Why AI matters to the future of connectivity
Huawei has been hard at work integrating AI into networks for a number of years now, developing AI applications designed to transform traffic consumption habits and help create new business models for their owners. It’s been over 10 years since the company started using AI algorithms to find anomalies in network performance and identify attacks on networks. Later it worked on the use of neural networks to predict traffic flow on the network.
Now, NetMaster is a pillar in the company’s intelligent network O&M solution, which it calls its ‘Autonomous Driving Network’ or ADN. In the same way that modern self-guided vehicles fall into different levels of autonomy, the ADN offers different levels of autonomous operation for datacenter and enterprise networks,. These include automatic identification of network risks before they become issues for O&M, along with automated fault location and service provisioning.

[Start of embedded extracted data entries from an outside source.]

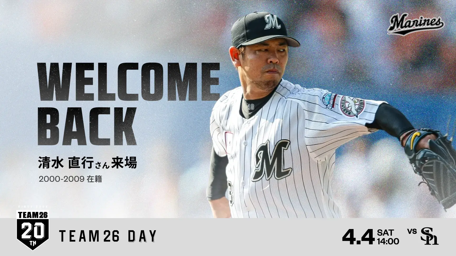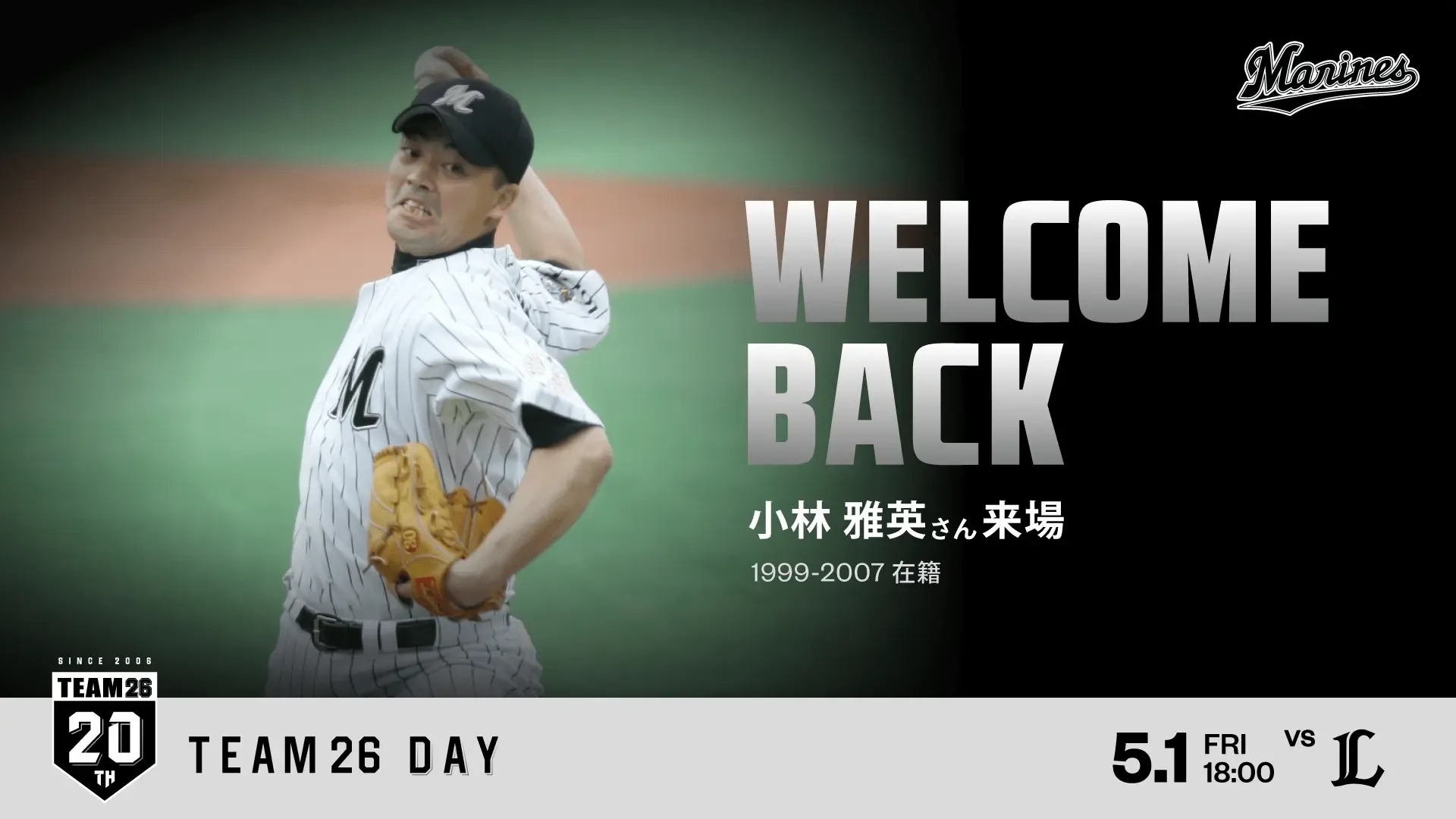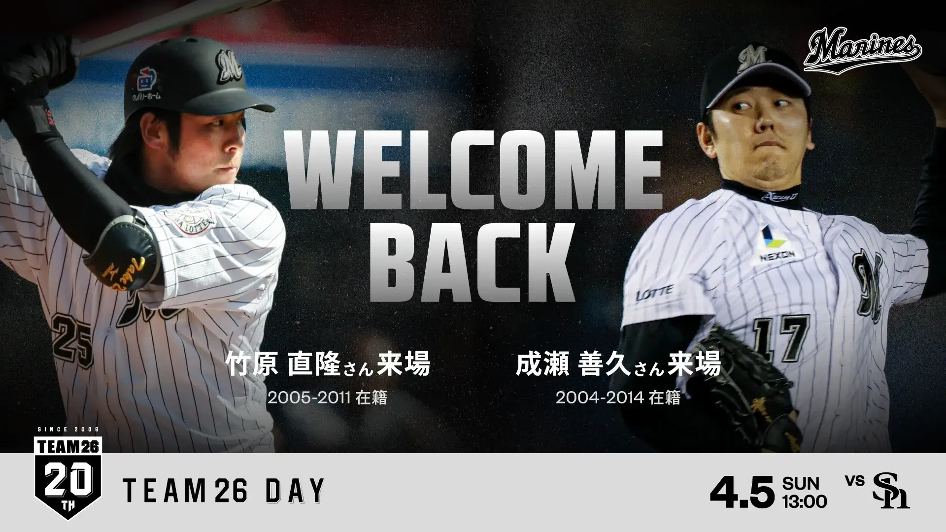 TEAM26 20周年を一緒にお祝いするアンバサダーとして、マリーンズOBの内竜也さんの就任が決まりましたのでお知らせします。TEAM26デーを含む様々なイベントに出演いただき、TEAM26 20周年を盛り上げます。
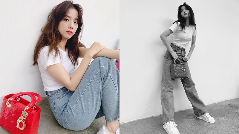 简单的白色T-Shirt配上牛仔裤,两大经典不败单品的结合,绝对是零失误的时髦搭配,Jisoo选择合身白色T-Shirt搭配高腰牛仔裤,突显腰部线条看起来更显瘦,不论是搭配小白鞋或跟鞋都十分有型。
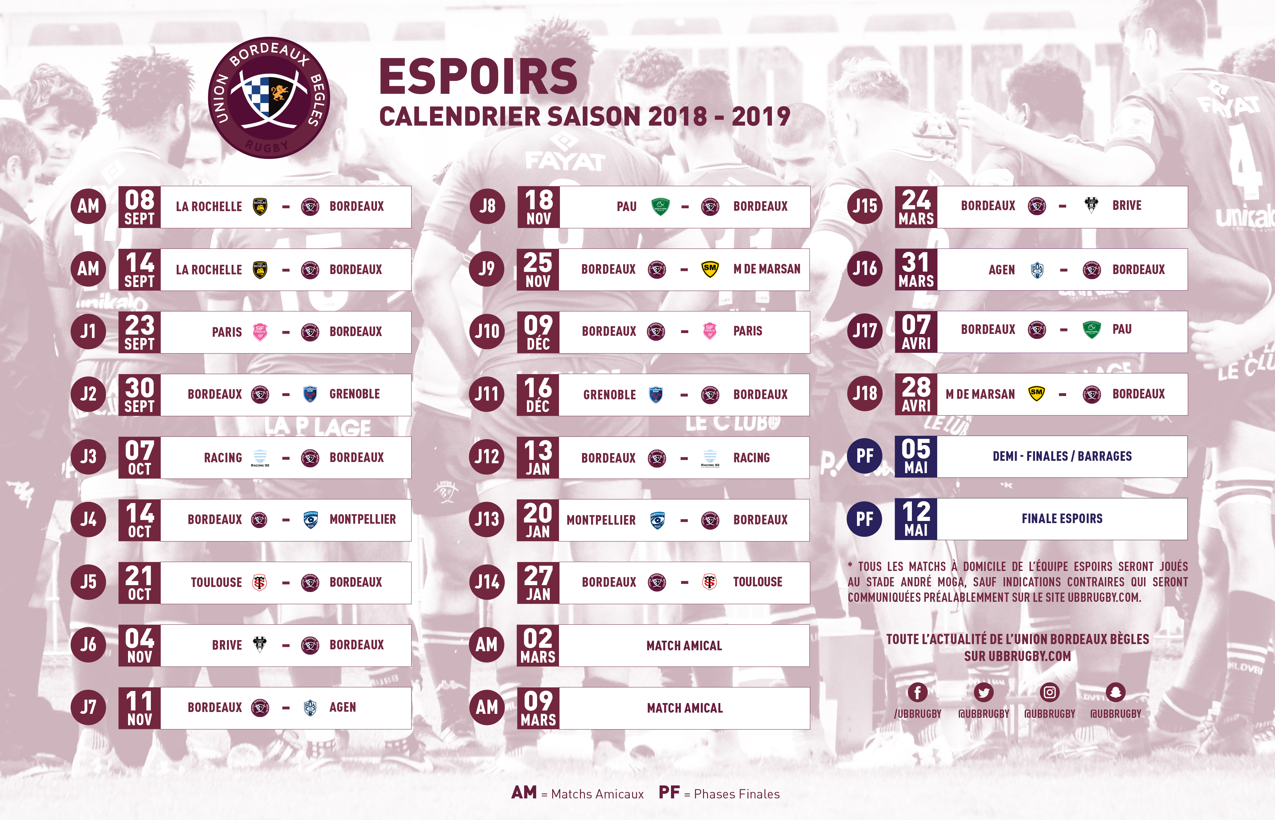 CALENDRIER UBB ESPOIRS 2018 - 2019 :

Huawei and IEEE jointly published an L4 data center autonomous driving network white paper designed to offer high levels of network automation. Many of its customers are using ADN, especially in the financial industry and education sector. Beijing’s Tsinghua University for example is one of the leading academic institutions in China. It uses ADN to manage the whole of its campus network, supporting around 16,000 network devices.
Tsinghua University’s experience suggests that adding extra intelligence to network infrastructure can quickly provide return on investment in the form of added efficiency and reduced costs. With the latest additions to its NetMaster Network Agent, Huawei has again shown its commitment to harnessing AI to help meet the expanding network O&M demands of organizations everywhere.